Wikidata talk:Primary sources tool/Archive/2017

From Wikidata
Jump to navigation Jump to search
This page is an archive. Please do not modify it. Use the current page, even to continue an old discussion.

Suggestions at Q11634

Thousands of false positives in P170. d1g (talk) 13:28, 22 February 2017 (UTC)

ID gathering

It would be nice if the tool could import Crunchbase person ID (P2087), Crunchbase organization ID (P2088). Both of them could also provide additional data.

WikiTree person ID (P2949) and Find a Grave memorial ID (P535) would be nice to have but I wouldn't automatically import additional data due to UGC concerns. ChristianKl (talk) 13:56, 28 September 2016 (UTC)

What are UCG concerns? Thanks, GerardM (talk) 09:39, 7 May 2017 (UTC)

MusicBrainz redirects

Hello! Where does the tool draw the MusicBrainz IDs from? It seems like it often suggests IDs which are redirects to the actual MusicBrainz entity and people will approve the claims without thinking further, which leads to items having redundant IDs. See for example Muscle Museum (Q786253) where a whopping nine MusicBrainz release group ID (P436)’s are suggested, all of which are redirects to 8c99a0a1-bfaf-3c21-b871-b56af6ac7b01. You can tell they’re redirects to said ID by clicking the title or one of the tabs on the MusicBrainz page. According to MusicBrainz docs: ”An entity can have more than one MBID. When an entity is merged into another, its MBIDs redirect to the other entity.” –Kooma (talk) 19:06, 8 January 2017 (UTC)

The data we have is dated and the fact that MusicBrainz moves on makes it even more infuriating that we did not import this data in the first place. There are bots that can fix redirects so including them even as a redirect is an improvement. Thanks, GerardM (talk) 09:39, 7 May 2017 (UTC)
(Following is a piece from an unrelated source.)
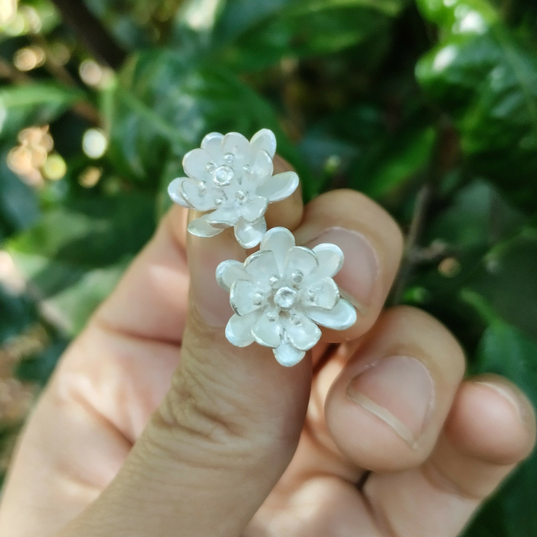Aros inspirados en la flor de Michay, que es la flor del Calafate. Pertenece a nuestra colección Endémica, ya que este arbusto es parte de la biodiverasidad botánica de nuestro país, habita el sur de Chiloé y zonas cordilleranas. Está hecho a mano construido a partir de distintas técnicas en metal. Hecho en plata 950.

Primary Sources gadget tweaking required

Would whomever shunts data and match terms into Primary Sources gadget please look to remove "{Q|21}}" and "Scotland (Q22)" from the country of citizenship suggestions, and replace those with "Kingdom of England (Q179876)" and "Kingdom of Scotland (Q230791)". The items that are England and Scotland are not countries that offer citizenship at this particular time, and incorrect for people of the 17thC and prior. It would also be really useful that for 19thC and 18thC Brits that they were offered United Kingdom of Great Britain and Ireland (Q174193) and Great Britain (Q161885) respectively rather than the modern United Kingdom (Q145). Thanks.  — billinghurst sDrewth 10:39, 6 May 2017 (UTC)

There is no intelligence in what is proposed. Do remember that there is sufficient crap in Wikidata itself to appreciate the standard improvement it provides. With Scotland and a date we can query and fix things. With no data even this is not in the cards. Thanks, GerardM (talk) 09:37, 7 May 2017 (UTC)

I am not sure what particularly is happening with this particular case, however, some of the proposals are way out there.  — billinghurst sDrewth 03:39, 7 May 2017 (UTC)

Yes there are items where there is a lot of crap. Delete and move on. They are the result of a faulty import not of an underlying problem. Thanks, GerardM (talk) 09:35, 7 May 2017 (UTC)

Adding new datasets?

The section about data donors mentions that there were once plans to open up the primary sources tool to other data sources. Has any progress been made on this? It would be good to update this section in this regard. Thanks a lot! − Pintoch (talk) 00:34, 11 March 2017 (UTC)

Indeed. @Hjfocs: any progress with this tool ? --I9606 (talk) 17:54, 8 May 2017 (UTC)
@I9606: the IEG renewal for the primary sources tool uplift will be kicked off at m:WikiCite_2017. Stay tuned. --Hjfocs (talk) 14:18, 20 May 2017 (UTC)

I prefer to have 4 shortcuts to resolve all "PS" requests in bulks

  • A/ENTER = approve
  • D/DELETE = disprove
  • W/UP = select item above
  • S/DOWN = select item below
  • ESC - exit SP tool and stop using such shortcuts if they conflict with other Wikidata shortcuts

d1g (talk) 10:57, 5 July 2017 (UTC)

Quality of sources

While the PST is fantastic overall, I and others have noticed some very poor sources included as potential sources, including the widely lambasted Conservapedia. True we have a blacklist, and Fuzheado has been adding some bad sources people have recently found, but that requires people to find them in the first place. There should be more transparency about what is going into the tool in the first place so editors can evaluate these sources. I don't advocate pre-approval, but there should be an opportunity to either object or place sources on that blacklist. Gamaliel (talk) 01:27, 2 August 2017 (UTC)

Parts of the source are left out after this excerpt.